Frühstück ist ganz okay, ich hab nur selten Zeit dafür.

Ich finde beide Positionen zu extrem. Frühstück ist ganz okay, ich hab nur selten Zeit dafür. In der Früh hab ich es meistens eilig, oder zumindest sollte ich längst am Schreibtisch sitzen und was arbeiten. Entspannt ist die Situation jedenfalls fast nie; keine guten Voraussetzungen für das Einnehmen einer Mahlzeit. So beschränkt sich mein „Frühstück“ meist darauf, dass ich in der Küche im Stehen den ersten Kaffee des Tages und im Idealfall ein frisches Croissant zu mir nehme (sonst halt irgendein Weckerl von gestern, wenn nicht überhaupt gerade „Intervallfasten“ angesagt ist). Aber wie ernst kann man ein Essen nehmen, für das man sich nicht hinsetzt und bei dem man noch nicht einmal richtig angezogen ist?

Frühstücken ist nicht wirklich alltagstauglich, eher ein Fall fürs Wochenende oder den Urlaub. Anders herum gesagt: Wenn du Zeit zum Frühstücken hast, dann muss Sonntag sein.

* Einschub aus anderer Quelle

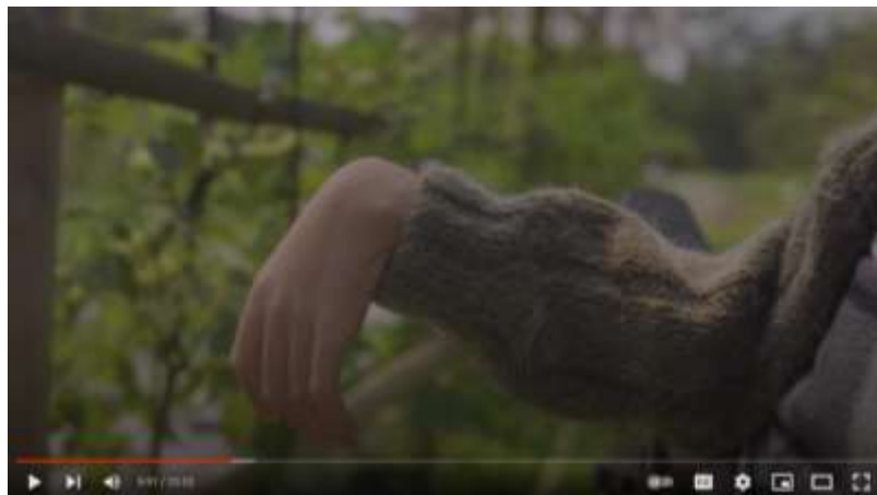
Figure 4. Close up symbol of Musa hand

Next is the code gesture, see the appearance of Musa who has cerebral palsy in the documentary "Musa"

Im Urlaub kommt hinzu, dass man sich das Frühstück selten selbst zubereiten muss, die Frühstückspension heißt ja nicht ohne Grund so. Auch im Café zu frühstücken, kann sich wie Urlaub anfühlen. Am allerbesten aber ist das Frühstück auf Dienstreisen im Hotel. Man muss es dann nicht nur nicht selbst machen, sondern nicht einmal selbst bezahlen. Selbst wenn der Chef knausert und auf der Spesenrechnung nur ein billiges Hotel genehmigt, wird das Frühstücks- angebot dort in der Regel ziemlich okay sein (schlechtes Frühstück anzubieten, kann sich heutzutage kein Hotel leisten). Vor allem aber kommt in diesem Moment garantiert dieses ganz spezielle Urlaubsgefühl auf – und das, obwohl man doch eigentlich gerade bei der Arbeit ist. Besser geht’s nicht. Frühstücken für Fortgeschrittene.